One of the many complex parts of the operating system is the
way that it handles logins.  Today, a Linux box can store
passwords and other authentication information pretty much
anywhere, from a local password file to an LDAP server
across the world.  This flexibility is mostly due to the
system called PAM, or the Pluggable Authentication Modules.

In the early days of Linux, passwords were checked against
/etc/passwd.  One of the fields in that file was an encrypted
hash of the user's password.  The neat thing about hashes is
that they are one way, so "hello" may hash into "s3Dlam9U", but
given "s3Dlam9U" I can't get "hello".  Of course, /etc/passwd
is world readable, so these hashes are freely available.
Someone with enough CPU could start hashing dictionary words
and check the result against the system's hash, and a match
would give them the password.  Clearly, something needed to
be done.  The answer was to separate the password hashes from
/etc/passwd and store them somewhere only a privileged user
could access. This is called shadowing, and is done on pretty
much every UNIX system out there now.

Most of the password checking functionality was built into
the applications themselves, meaning they had to be rebuilt
with the new features.  Obviously, this doesn't scale well,
since adding more authentication methods means that more and
more programs will have to be continuously fixed up.  SUN
came up with the idea of PAM, which further abstracts the
authentication functions by wrapping them in the PAM
libraries.  Applications then talk to PAM and get back a
yes/no answer, rather than worrying about the specifics.

PAM works by providing four services:

auth - checks authentication tokens, such as passwords

account- verifies the user can log in, has an account, and is
         not otherwise restricted

password - takes care of updating passwords

session - performs actions before and after the user logs in,
          such as setting permissions on devices, mounting
          directories, etc.

A shared library is used to implement one or more of the above,
and they live in /lib/security.  For example, pam_unix.so is
responsible for providing traditional unix features like
/etc/password and NIS. If I wanted to verify a password
against the shadowed password file, I'd use pam_unix.

PAM requires that services define themselves, and the services
that they require.  Each service has a file in /etc/pam.d,
listing the services they need.  The login service, which
handles your telnet and console logins, looks as follows.

auth       required    /lib/security/pam_securetty.so
auth       required    /lib/security/pam_stack.so service=system-auth
auth       required    /lib/security/pam_nologin.so
account    required    /lib/security/pam_stack.so service=system-auth
password   required    /lib/security/pam_stack.so service=system-auth
session    required    /lib/security/pam_stack.so service=system-auth
session    optional    /lib/security/pam_console.so

Each service is on the left, followed by either required,
requisite, sufficient, or optional, and then the path to
the shared library that will answer.  Options can be passed
(as in service=system-auth) to add flexibility.

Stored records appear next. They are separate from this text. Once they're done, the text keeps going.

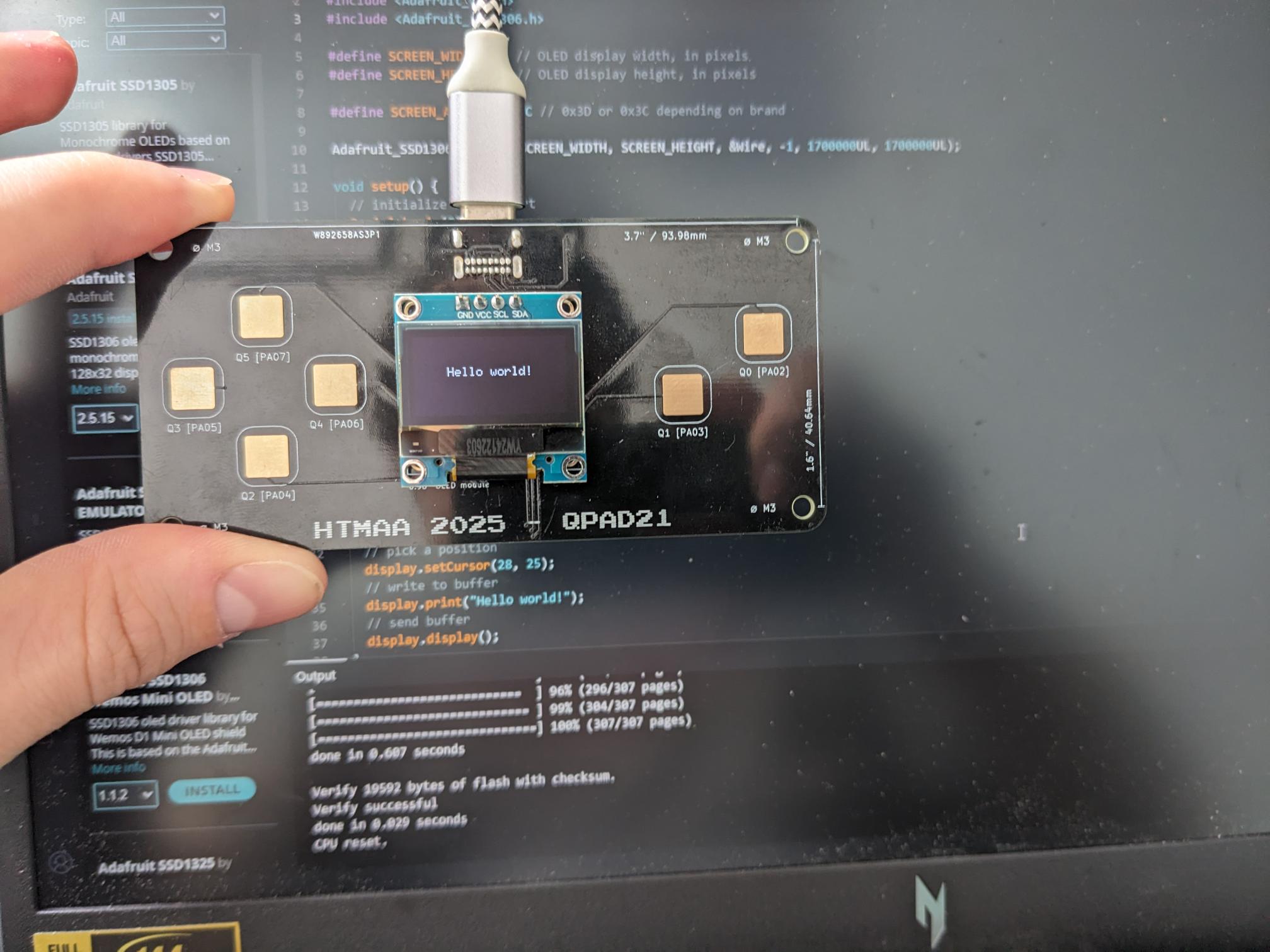 Once the main board was completed, I uploaded the bootloader and set up my IDE. These steps were covered in the above section discussing microcontroller workflows. I was able to successfully run all the test code provided by Quentin, and a video of the button responses is seen at the end of this section. While this sketch did demonstrate taking input into the microcontroller and communicating those inputs back to a monitor/plotter, to satisfy the assignment I decided to modify the examples and create a sketch sketch. I tied the d-pad buttons to the display coordinate system to allow the user to move the current location of the cursor. I then used the Q0 and Q1 to act as placement and removal of pixels by either drawing the pixel in white or in black. I did have to guess and check the movement directions since the orientation of the screen is not matched to what the user would anticipate based on how they would hold the board, but that was a very simple fix. The code I used is linked below the videos!
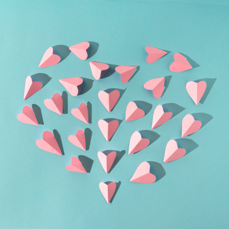 Pink hearts cut from a folded paper with 3d effect, forming a big heart on turquoise background. Valentines Day celebration concept.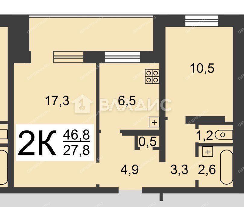 | Площадь | 46,8 / 27,8 / 6,5 |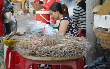 「島にはテト用品がたくさん運ばれています。今年のテト用品は昨年と比べて多くあります。私たちはテト準備のため、お菓子、果物、食品などを買います」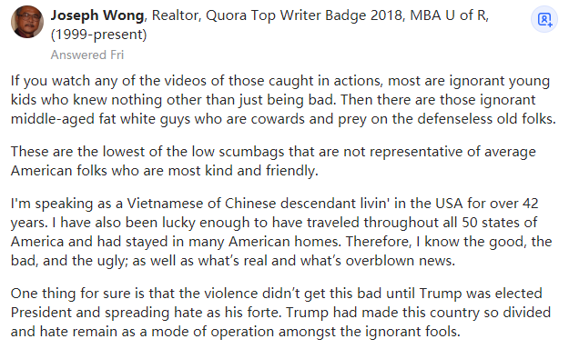 房地产经纪人,工商管理硕士(1999年至今),居住在加利福尼亚州波莫纳如果你看看那些被抓的人的任何一个视频,你就会发现他们大多数都是无知的孩子,他们除了做坏事以外什么都不知道。还有那些无知的中年白人胖子,他们是懦夫,他们袭击毫无防御能力的老人。这些人是最低级的卑鄙小人,不能代表最善良、最友好的普通美国人。我是一个在美国生活了42年的越南人,我很幸运地走遍了美国的50个州,并曾在许多美国家庭居住过。因此,我知道什么是好的,坏的,丑陋的,以及什么是真实的,什么是夸大的消息。有一点可以肯定的是,直到特朗普当选总统,传播仇恨成为他的强项,美国的暴力才变得如此糟糕。特朗普使这个国家如此分裂,仇恨仍然是无知的傻瓜们的一种行为方式。犯下这些罪行的年轻人被录了下来,然后被逮捕,他们都是不知道自己在做什么的恶作剧者。中国人多年来一直是种族主义者袭击的目标,因为他们常常被视为是没有防御能力的人。但他们并不是唯一的受害者,黑人,墨西哥人,古巴人,包括其他有色人种都经历过白人至上主义者的仇恨罪行。黑人每天遭受的私刑和歧视最多。胆小鬼把坏名声误认为是可以向同龄人炫耀的英雄行为,你可以看到许多公共财产被涂鸦涂污,这些行为没有一项得到了美国公众的宽恕。每个国家都有自己的问题和坏蛋,请不要说这是美国的常态。我可以向你保证,这些只是社会上懦弱的人渣们随意实施的暴力行为。大多数美国人不仅不恨中国人,而且他们张开双臂欢迎他们。CEO/Founder (2020-present)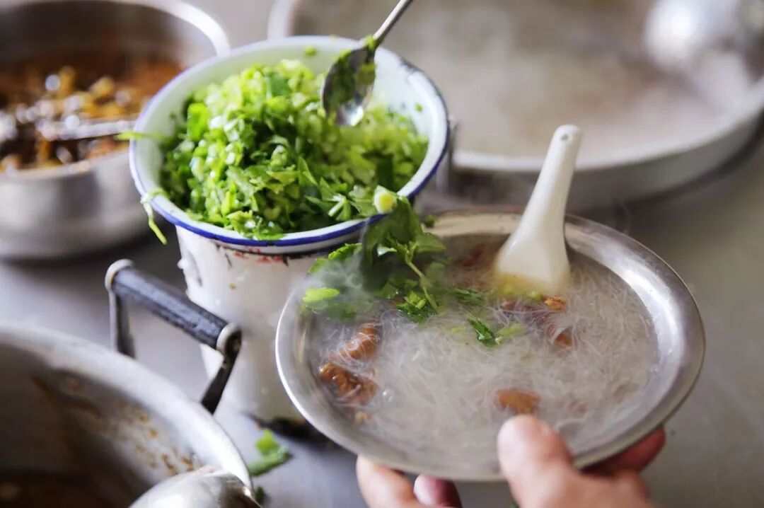 早市的调味较为清淡,通常是一把葱花、少许白胡椒粉,几滴当归、黄芪浸泡的高度酒。到了夜宵时段,饮酒夜归、饥肠辘辘的麻龟(酒鬼)众多,应运而生的流动摊头更偏好重口味。
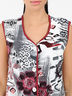 Домашний халат прямого силуэта выполнен из гладкого хлопка, застежка на пуговицы, округлый вырез горловины, без рукавов. Спереди расположен открытый карман. Изделие украшено ярким принтом. Отличный вариант для тех кто ценит комфорт и качество.

Subtle differences aside, required and requisite are the same.
If any line fails, the whole service fails.  In the above
example, auth will fail if any of securetty, stack, or nologin
fail.  The items are processed in order, so in order to
succeed at the auth service, securetty has to return OK
(prevents users from logging in as root remotely), stack has
to return OK (more later), and nologin too (can be used to
disable logins on a global basis).

An optional flag doesn't really matter, unless it is the only
one.  Above, session lists console as an optional method.
Since pam_console.so's job is to set device permissions if
the user is logged into the console, it doesn't have any
bearing on security if it returns successful or not.

Something that is sufficient can be used to stop checking
the stack, such as when you want to authenticate against
several sources, but only use the first one that works.

pam_stack is a helpful module, as its job is to consolidate
other PAM files.  "service=system-auth" tells PAM that it is
to jump to the system-auth file and process it, and return
the result.  Thus, you can make some options take effect on
a more global level.

If you take a look at the files in /etc/pam.d, most of them
stack the system-auth file within them.  One of the things
that it does in the password service is try to crack the
password before letting you change it.  Thus, no matter
what authentication scheme you use, you can enforce a
secure password policy.

There are a lot of modules (over 30 on my Red Hat 7.1 system),
meaning that the ability exists to enforce millions of policy
combinations in a method transparent to the user.

Don't only think of PAM as the system that lets you
authenticate against different services, but as a system that
can enhance the user interface by hiding the root user.
Much of the configuration software uses PAM to pop up a root
password dialogue rather than failing outright.

One example is shutting down the system.  Traditionally, you
have to su to root (surprise, surprise, another app that uses
PAM, see /etc/pam.d/su), and then execute "halt".  By making
/usr/bin/halt PAM aware, the rights to halt a system can be
specified in a file (/etc/pam.d/halt):

auth       sufficient   /lib/security/pam_rootok.so
auth       required     /lib/security/pam_console.so
account    required     /lib/security/pam_permit.so

In this case, the user either has to be root (rootok's job),
or be logged into the console.  Much cleaner!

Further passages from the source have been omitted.